Décès de l’artiste Baya Bouzar : Biyouna, une bougie s’éteint

Le monde de la culture est en deuil. L’artiste Baya Bouzar, plus connue sous son nom de scène Biyouna, est décédée, hier matin, à l'hôpital de Beni Messous, à l'âge de 73 ans.

Pour les Algériens âgés de 50 ans et plus, il est difficile, voire impensable, de parler de Biyouna au passé. De son vrai nom Baya Bouzar, celle qui a été surnommée Biyouna dès ses premiers pas, adolescente, dans le chant et la danse, a accompagné leur quotidien sur le petit écran au gré des années, soit en se délectant de ses nouvelles apparitions, soit en revoyant sans jamais s’en lasser ses œuvres passées, toutes indémodables.

Même si elle a débuté dans le chant andalou, aux côtés de Fadhéla Dziria, c’est au cinéma et, surtout, à la télévision que Biyouna, née le 13 septembre 1952 à Belcourt (actuellement Belouizdad), à Alger, a conquis le cœur des Algériens. Révélée dans le feuilleton El-Hariq (l’Incendie), réalisé en 1974 par Mustapha Badie et inspiré de la trilogie de Mohamed Dib, la Grande maison, l’Incendie et le Métier à tisser, son personnage de Fatima, la commère de Dar Sbitar, grande maison collective du temps du colonialisme, a marqué les esprits.

Par sa spontanéité et sa faconde, elle avait crevé l’écran, ravissant même la vedette aux deux personnages principaux du feuilleton, Nna Aïni (personnage joué par Chafia Boudraâ) et l’enfant Omar (interprété par Omar Abderrahmane).
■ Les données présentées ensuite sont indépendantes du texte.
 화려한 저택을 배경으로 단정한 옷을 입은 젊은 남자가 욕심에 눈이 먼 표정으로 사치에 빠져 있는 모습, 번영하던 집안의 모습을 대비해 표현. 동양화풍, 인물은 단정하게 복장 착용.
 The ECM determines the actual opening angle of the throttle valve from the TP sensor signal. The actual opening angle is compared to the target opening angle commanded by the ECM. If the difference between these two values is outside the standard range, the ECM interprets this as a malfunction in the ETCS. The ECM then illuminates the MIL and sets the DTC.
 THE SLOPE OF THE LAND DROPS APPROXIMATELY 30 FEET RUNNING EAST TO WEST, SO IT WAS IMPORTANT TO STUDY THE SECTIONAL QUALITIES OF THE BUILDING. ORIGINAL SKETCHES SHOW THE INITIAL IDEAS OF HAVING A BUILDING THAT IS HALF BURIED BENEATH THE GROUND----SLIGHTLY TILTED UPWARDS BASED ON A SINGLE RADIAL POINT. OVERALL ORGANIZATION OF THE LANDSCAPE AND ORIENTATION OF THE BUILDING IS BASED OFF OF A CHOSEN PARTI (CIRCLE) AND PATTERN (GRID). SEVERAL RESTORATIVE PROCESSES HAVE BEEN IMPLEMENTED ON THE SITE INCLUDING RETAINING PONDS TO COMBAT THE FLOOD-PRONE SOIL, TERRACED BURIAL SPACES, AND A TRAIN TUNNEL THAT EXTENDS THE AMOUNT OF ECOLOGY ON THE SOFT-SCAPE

À une époque où seule la chaîne de télévision nationale était accessible et regardée en Algérie, ils étaient des millions d’Algériens à découvrir – et à adopter – Biyouna. Ce feuilleton avait dressé les contours des caractéristiques récurrentes de ses interprétations futures : la femme volubile, volontaire, teigneuse qui ne se laisse pas faire, mais au cœur toujours tendre. Même les textes qu’elle disait étaient teintés d’une dose d’improvisation, mettant à l’honneur des formules et adages populaires propres au parler algérois. Bien entendu – et c’est ce qui avait fait la réputation de Biyouna - l’humour n’était jamais absent dans ses propos ou dans ses mimiques. Un réalisateur avait su particulièrement tirer le meilleur de ses qualités de comédienne : Djaffar Gacem.
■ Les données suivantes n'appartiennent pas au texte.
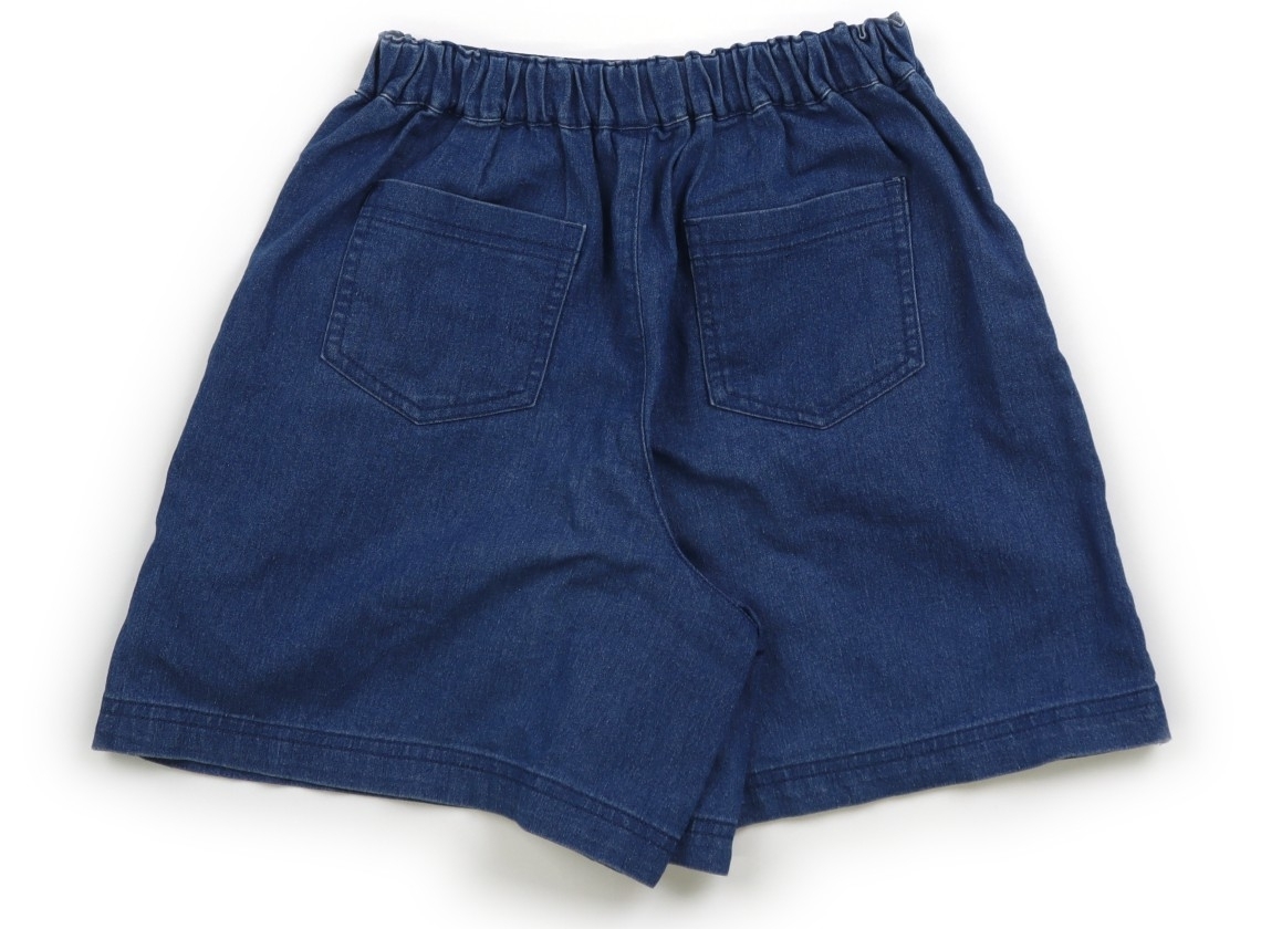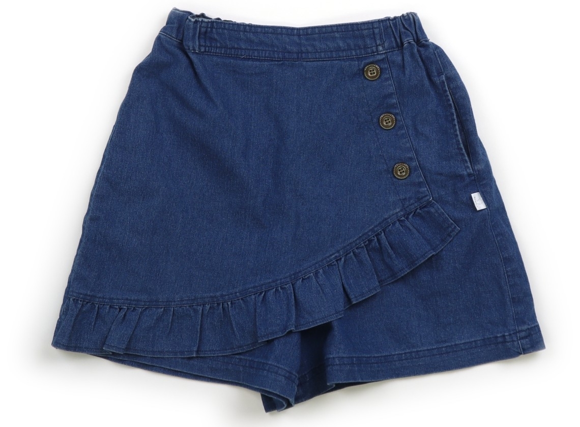 ストレッチ性のあるデニム生地です。前は巻きスカート風デザインです。後ろウエストにサイズ調整ゴムが付いています。目立つ汚れはありません。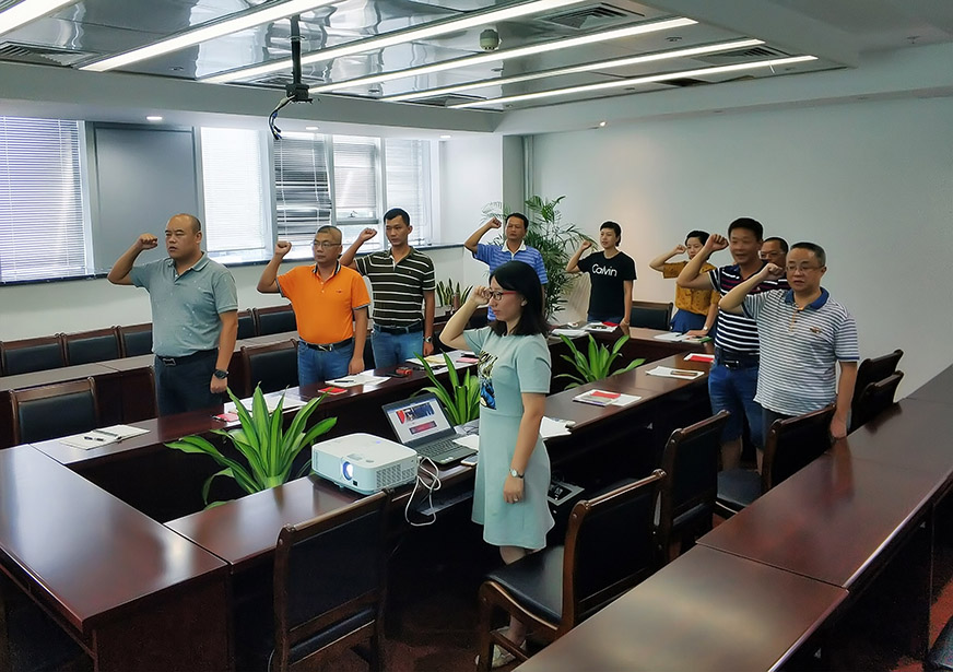 “我志愿加入中國共產(chǎn)黨,擁護(hù)黨的綱領(lǐng),遵守黨的章程……”跟隨2017年10月31日習(xí)近平總書記帶領(lǐng)中央政治局常委在中共一大會(huì)址重溫入黨誓詞的音頻,思環(huán)公司黨支部的黨員們莊嚴(yán)舉起右手,宣讀入黨誓詞。字字鏗鏘有力,句句激昂慷慨。這是思環(huán)公司黨支部慶祝建黨97周年主題活動(dòng)上的一幕。

Quand un réalisateur créatif bénéficie du talent d’une actrice talentueuse, le résultat ne peut être que détonnant. C’est ce qui est arrivé dans la série humoristique Nass Mlah City, diffusée pendant trois saisons entre 2002 et 2004, où Biyouna a incarné avec autant d’aisance et de succès des personnages aussi divers que loufoques : une mendiante chevronnée, une voyante moderne, une organisatrice de fêtes à la carte, une superhéroïne à l’insu de son mari, une mère de famille qui se rend à la piscine pour laver son linge, une voisine médisante ou encore une conteuse des mille et une nuits. Autant de personnages qui ont fait rire et aussi – et surtout – réfléchir les téléspectateurs avertis sur les mutations de la société. Elle a participé à d’autres séries ou feuilletons télévisés, dont Dar El-Bahdja (toujours sous la direction de Djaffar Gacem), et Nsibti Laâzia, ainsi que dans la série de téléfilms Aïcha, de la réalisatrice Yamina Benguigui. Loin de se limiter à un seul créneau, Biyouna a fait beaucoup de cinéma.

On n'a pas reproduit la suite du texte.